Without any change, set down every record below.

BEGIN

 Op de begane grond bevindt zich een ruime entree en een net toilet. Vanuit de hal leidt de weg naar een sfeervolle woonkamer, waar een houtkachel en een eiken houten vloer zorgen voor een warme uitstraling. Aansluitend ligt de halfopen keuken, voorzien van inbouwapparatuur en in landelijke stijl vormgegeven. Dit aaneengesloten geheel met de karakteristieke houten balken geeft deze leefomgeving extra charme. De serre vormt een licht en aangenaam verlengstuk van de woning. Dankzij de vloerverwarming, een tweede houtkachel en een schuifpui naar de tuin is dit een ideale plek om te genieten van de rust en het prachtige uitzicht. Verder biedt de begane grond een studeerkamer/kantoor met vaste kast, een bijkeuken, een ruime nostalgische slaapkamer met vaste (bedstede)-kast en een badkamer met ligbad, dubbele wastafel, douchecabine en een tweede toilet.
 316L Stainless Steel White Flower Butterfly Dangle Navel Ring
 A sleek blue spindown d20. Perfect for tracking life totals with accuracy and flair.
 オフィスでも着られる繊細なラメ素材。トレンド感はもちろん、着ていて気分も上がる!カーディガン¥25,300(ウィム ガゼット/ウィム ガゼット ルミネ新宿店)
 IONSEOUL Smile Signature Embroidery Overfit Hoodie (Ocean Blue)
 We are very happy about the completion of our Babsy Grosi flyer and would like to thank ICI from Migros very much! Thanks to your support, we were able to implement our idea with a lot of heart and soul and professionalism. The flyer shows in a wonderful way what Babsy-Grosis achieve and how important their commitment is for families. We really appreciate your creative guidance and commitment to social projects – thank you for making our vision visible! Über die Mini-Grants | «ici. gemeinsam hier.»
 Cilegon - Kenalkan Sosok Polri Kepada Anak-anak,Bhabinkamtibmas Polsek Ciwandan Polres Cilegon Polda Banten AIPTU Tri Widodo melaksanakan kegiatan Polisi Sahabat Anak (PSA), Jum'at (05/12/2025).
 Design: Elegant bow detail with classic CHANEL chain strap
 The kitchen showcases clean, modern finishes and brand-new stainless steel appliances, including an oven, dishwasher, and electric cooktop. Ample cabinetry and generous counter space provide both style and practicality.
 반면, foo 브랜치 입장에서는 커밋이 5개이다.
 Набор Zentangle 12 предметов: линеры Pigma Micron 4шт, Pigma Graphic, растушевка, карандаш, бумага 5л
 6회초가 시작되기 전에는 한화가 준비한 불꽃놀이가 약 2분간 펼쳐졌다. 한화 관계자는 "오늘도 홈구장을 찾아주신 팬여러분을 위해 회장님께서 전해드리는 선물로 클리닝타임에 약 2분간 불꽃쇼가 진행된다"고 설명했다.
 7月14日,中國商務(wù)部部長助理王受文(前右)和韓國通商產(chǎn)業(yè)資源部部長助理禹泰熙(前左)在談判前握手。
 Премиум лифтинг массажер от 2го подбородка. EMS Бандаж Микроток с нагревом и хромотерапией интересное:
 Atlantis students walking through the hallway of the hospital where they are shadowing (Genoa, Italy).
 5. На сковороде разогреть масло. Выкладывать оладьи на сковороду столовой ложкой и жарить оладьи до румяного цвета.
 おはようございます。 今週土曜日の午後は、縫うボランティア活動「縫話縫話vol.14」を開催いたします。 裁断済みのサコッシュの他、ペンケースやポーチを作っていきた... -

END

*Solved exercise*:
 Op de begane grond bevindt zich een ruime entree en een net toilet. Vanuit de hal leidt de weg naar een sfeervolle woonkamer, waar een houtkachel en een eiken houten vloer zorgen voor een warme uitstraling. Aansluitend ligt de halfopen keuken, voorzien van inbouwapparatuur en in landelijke stijl vormgegeven. Dit aaneengesloten geheel met de karakteristieke houten balken geeft deze leefomgeving extra charme. De serre vormt een licht en aangenaam verlengstuk van de woning. Dankzij de vloerverwarming, een tweede houtkachel en een schuifpui naar de tuin is dit een ideale plek om te genieten van de rust en het prachtige uitzicht. Verder biedt de begane grond een studeerkamer/kantoor met vaste kast, een bijkeuken, een ruime nostalgische slaapkamer met vaste (bedstede)-kast en een badkamer met ligbad, dubbele wastafel, douchecabine en een tweede toilet.
 316L Stainless Steel White Flower Butterfly Dangle Navel Ring
 A sleek blue spindown d20. Perfect for tracking life totals with accuracy and flair.
 オフィスでも着られる繊細なラメ素材。トレンド感はもちろん、着ていて気分も上がる!カーディガン¥25,300(ウィム ガゼット/ウィム ガゼット ルミネ新宿店)
 IONSEOUL Smile Signature Embroidery Overfit Hoodie (Ocean Blue)
 We are very happy about the completion of our Babsy Grosi flyer and would like to thank ICI from Migros very much! Thanks to your support, we were able to implement our idea with a lot of heart and soul and professionalism. The flyer shows in a wonderful way what Babsy-Grosis achieve and how important their commitment is for families. We really appreciate your creative guidance and commitment to social projects – thank you for making our vision visible! Über die Mini-Grants | «ici. gemeinsam hier.»
 Cilegon - Kenalkan Sosok Polri Kepada Anak-anak,Bhabinkamtibmas Polsek Ciwandan Polres Cilegon Polda Banten AIPTU Tri Widodo melaksanakan kegiatan Polisi Sahabat Anak (PSA), Jum'at (05/12/2025).
 Design: Elegant bow detail with classic CHANEL chain strap
 The kitchen showcases clean, modern finishes and brand-new stainless steel appliances, including an oven, dishwasher, and electric cooktop. Ample cabinetry and generous counter space provide both style and practicality.
 반면, foo 브랜치 입장에서는 커밋이 5개이다.
 Набор Zentangle 12 предметов: линеры Pigma Micron 4шт, Pigma Graphic, растушевка, карандаш, бумага 5л
 6회초가 시작되기 전에는 한화가 준비한 불꽃놀이가 약 2분간 펼쳐졌다. 한화 관계자는 "오늘도 홈구장을 찾아주신 팬여러분을 위해 회장님께서 전해드리는 선물로 클리닝타임에 약 2분간 불꽃쇼가 진행된다"고 설명했다.
 7月14日,中國商務(wù)部部長助理王受文(前右)和韓國通商產(chǎn)業(yè)資源部部長助理禹泰熙(前左)在談判前握手。
 Премиум лифтинг массажер от 2го подбородка. EMS Бандаж Микроток с нагревом и хромотерапией интересное:
 Atlantis students walking through the hallway of the hospital where they are shadowing (Genoa, Italy).
 5. На сковороде разогреть масло. Выкладывать оладьи на сковороду столовой ложкой и жарить оладьи до румяного цвета.
 おはようございます。 今週土曜日の午後は、縫うボランティア活動「縫話縫話vol.14」を開催いたします。 裁断済みのサコッシュの他、ペンケースやポーチを作っていきた... -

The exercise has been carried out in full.